Otherwise the output is undefined.

Output-stable states are states with YES or NO output such that all states reachable from them via our chemical reactions give the same output. We say an output-stable-state is correct if this output is the correct answer to the question: is X in S.

Our chemical reaction network gives a deterministic stabilizing computation if for any input, and choosing any state reachable from that input, we can do further chemical reactions to reach a correct output-stable state.

In other words: starting from our input, and letting the chemical reactions <run any way they want, we will eventually stabilize at an output that gives the right answer to the question “is X in S?”

Examples

This sounds a bit complicated, but it’s really not. Let’s look at some examples!

Example 1. Suppose you want to check two numbers and see if one is greater than or equal to another. Here

S = \{(X_1,X_2) : X_2 \ge X_1 \}

How can you decide if a pair of numbers (X_1,X_2) is in this set?

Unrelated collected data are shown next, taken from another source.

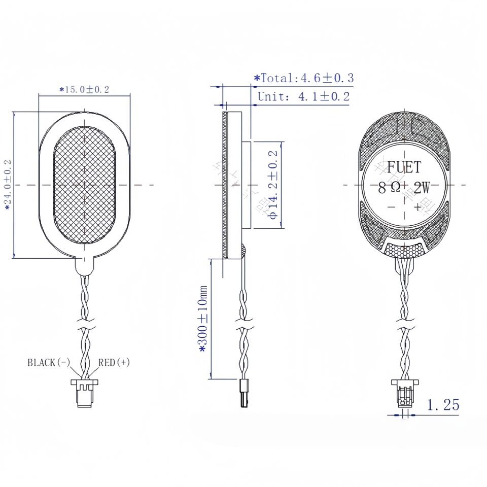 Descripción:2415 24MM * 15MM * H4.6MM 8Ohm 2W Mylar altavoz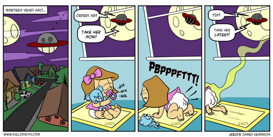 The trouble with abducting a baby, especially when the baby is alien to you, is that you don’t know what you’re getting into. Most human parents would admit the same thing, if their pride would allow it, after bringing home their bundle of joy. The puking, peeing, screaming, pooping… it’s a lot more than Gerber commercials prepared any of us for. Add the alien aspect and well, you’re in for some trouble. At least they have enough sense to wait until after someone has changed her.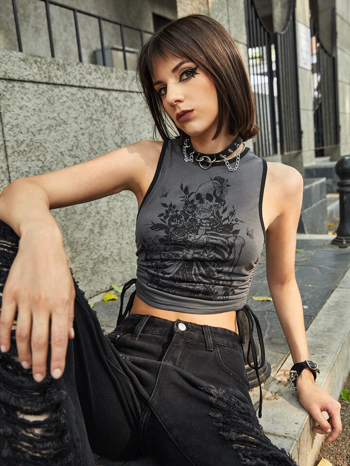 Top tank floral & estampado de cráneo con cordón fruncido unido en contraste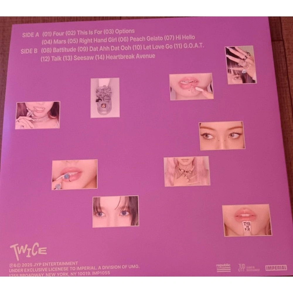 Four, This Is For, Options, Mars, Right Hand Girl, Peach Gelato, Hi Hello, Battitude (Nayeon, Jeongyeon, Momo, Mina), Dat Ahh Dat Ooh (Sana, Jihyo, Dahyun, Chaeyoung, Tzuyu), Let Love Go (Jeongyeon, Momo, Sana, Tzuyu), G.O.A.T. (Mina, Dahyun, Chaeyoung), Talk (Nayeon, Jihyo), Seesaw, Heartbreak Avenue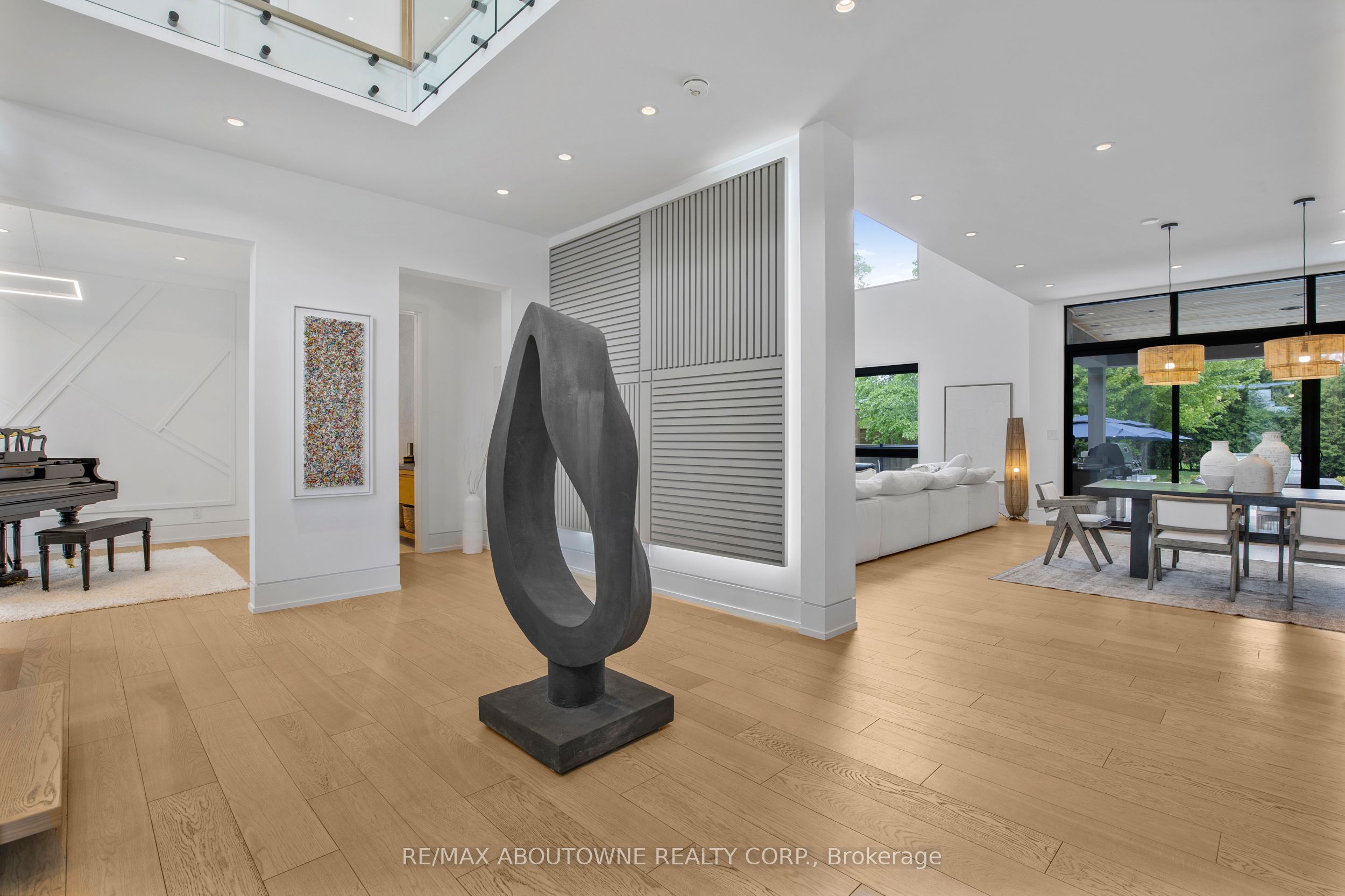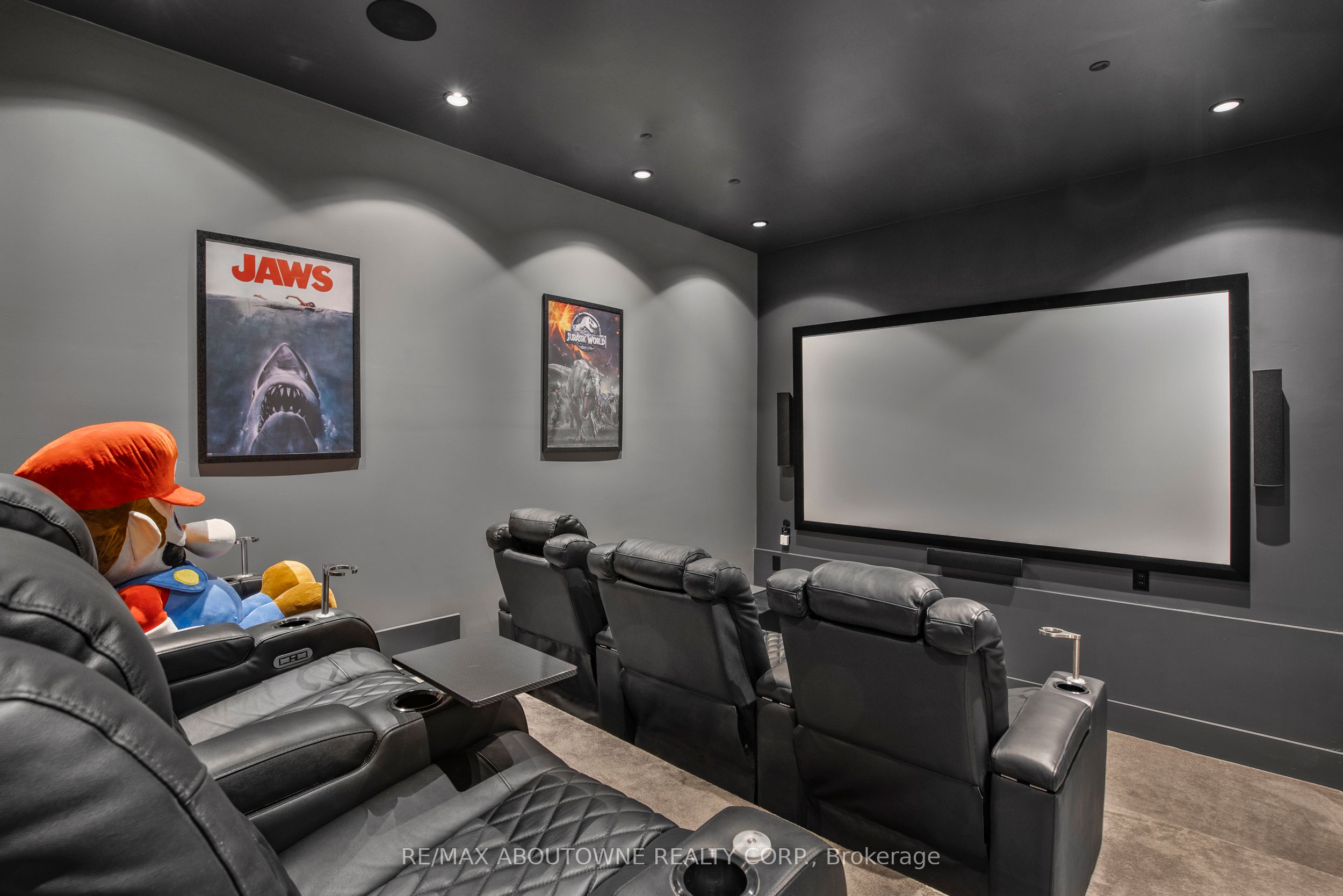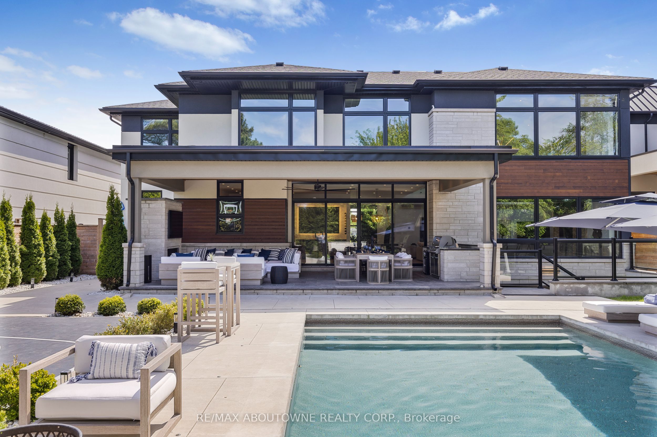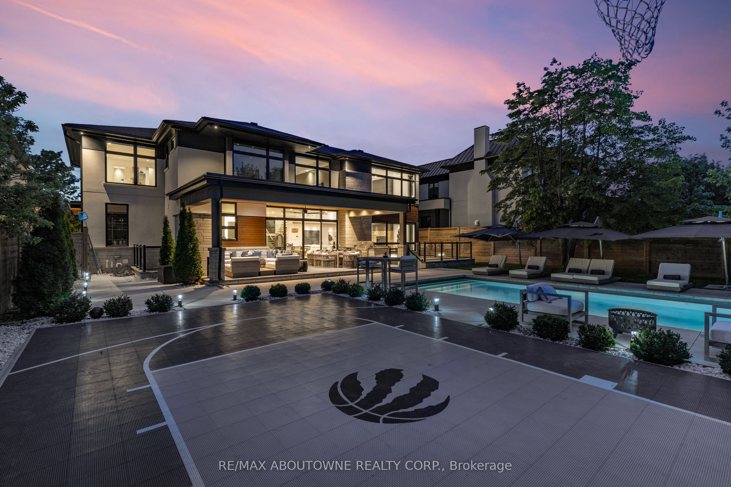 Stunning custom-built modern home designed by David Small located in West Oakville. This 2-storey, 5-bedroom, 5 bathroom residence spans over 4,000 square feet of above grade living space and has approx. $250,000 in recent upgrades. The grand foyer features 20-foot ceilings and large windows that allow natural light to flood the area. The open concept main level offers panoramic views and leads into the living area, also featuring 20-foot ceilings & Lutron Control 4 Lighting system. Sleek designer kitchen is equipped with custom-made Scavolini cabinets, high-end Dacor appliances, a cooktop stove, and a large walk-in pantry. The spacious family room includes a gas fireplace and large sliding glass doors that provide access to the fully fenced private backyard, complete with an inground pool, basketball court, and entertainment area. The 2nd level boasts a stunning primary bedroom with a 5-piece ensuite, double sinks, & walk-in closet. Additionally, there are 3 more generous bedrooms; 2 of which share a 4-piece Jack & Jill bathroom, & another with ensuite privileges as well as a laundry room completing the 2nd level. The fully finished lower level features heated floors, recreation room with gas fireplace, large gym, ample storage space, another bedroom, a 3-piece bathroom, a state-of-the-art theatre room, & a walk-up to the stunning backyard. The backyard has been meticulously landscaped and features a basketball court, fireplace, inground pool, inground sprinkler system, Lutron lighting system, and an entertainment area. Additional amenities include garage car lift, Scavolini closets, two furnaces, two air conditioners, Hunter Douglas motorized blinds, security film on all windows and a paved driveway accommodating up to six cars. Located within walking distance to several top schools, restaurants, Lake Ontario, coffee shops, and minutes from downtown Oakville, the QEW, and Appleby College. Do not miss the opportunity to own this exceptional home.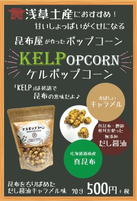 昆布は英語で「KELP(ケルプ)」というところから、ケルプとポップコーンのコラボで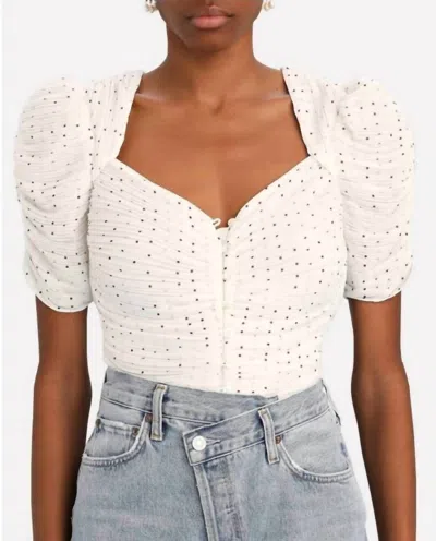 A timeless blouse that will never go out of style.The Gathered Button Front Top by FRAME is an elegant addition to any wardrobe with its chic off-white polka dot pattern, perfect for spring events like an anniversary. This blouse showcases short sleeves and a flattering sweetheart neckline, offering a quintessential look for those special occasions. Made from 100% polyester, the top is imported and crafted with a pull-on closure for easy wear. For best care, dry clean only.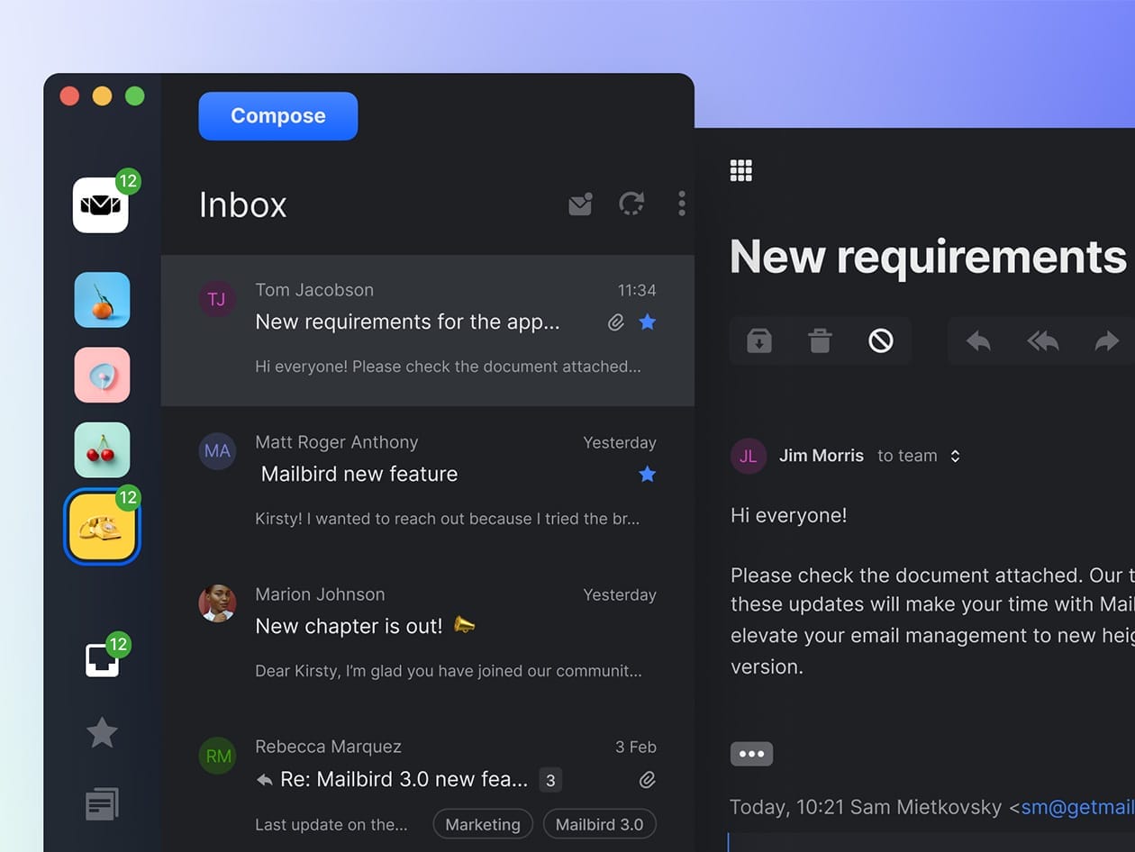 Tired of juggling tabs for every email account? Mailbird simplifies your workflow by unifying all your email accounts in one sleek app for Windows and Mac. View all inboxes at once or switch between them effortlessly. Integrate your favorite tools—like calendars, project boards, and social media—directly into your inbox. Track emails, undo sends, block spam, and even boost productivity with built-in AI assistants like ChatGPT and Claude. Mailbird is the smarter, faster way to manage email chaos.

You start with X_1 molecules of type A, X_2 molecules of type B, and one molecule of type Y. Then you use a chemical reaction network with these reactions:

A + N \to Y
B + Y \to N

If you let these reactions run, the Y switches to a N each time the reactions destroy an A. But the N switches back to a Y each time the reactions destroy a B.

When no more reactions are possible, we are left with either one Y or one N, which is the correct answer to your question!

Example 2. Suppose you want to check two numbers and see if one is equal to another. Here

S = \{(X_1,X_2) : X_2 = X_1 \}

How can you decide if a pair of numbers (X_1,X_2) is in here?

This is a bit harder! As before, you start with X_1 molecules of type A, X_2 molecules of type B, and one molecule of type Y. Then you use a chemical reaction network with these reactions:

A + B \to Y
Y + N \to Y
A + Y \to A + N
B + Y \to B + N

The first reaction lets an A and a B cancel out, producing a Y. If you only run this reaction, you’ll eventually be left with either a bunch of A\mathrm{s} or a bunch of B\mathrm{s} or nothing but Y\mathrm{s}.

If you have Y\mathrm{s}, your numbers were equal. The other reactions deal with the cases where you have A\mathrm{s} or B\mathrm{s} left over. But the key thing to check is that no matter what order we run the reactions, we’ll eventually get the right answer! In the end, you’ll have either Y\mathrm{s} or N\mathrm{s}, not both, and this will provide the yes-or-no answer to the question of whether X_1 = X_2.

What deterministic stabilizing computations can do

We’ve looked at some examples of deterministic stabilizing computations. The big question is: what kind of questions can they answer?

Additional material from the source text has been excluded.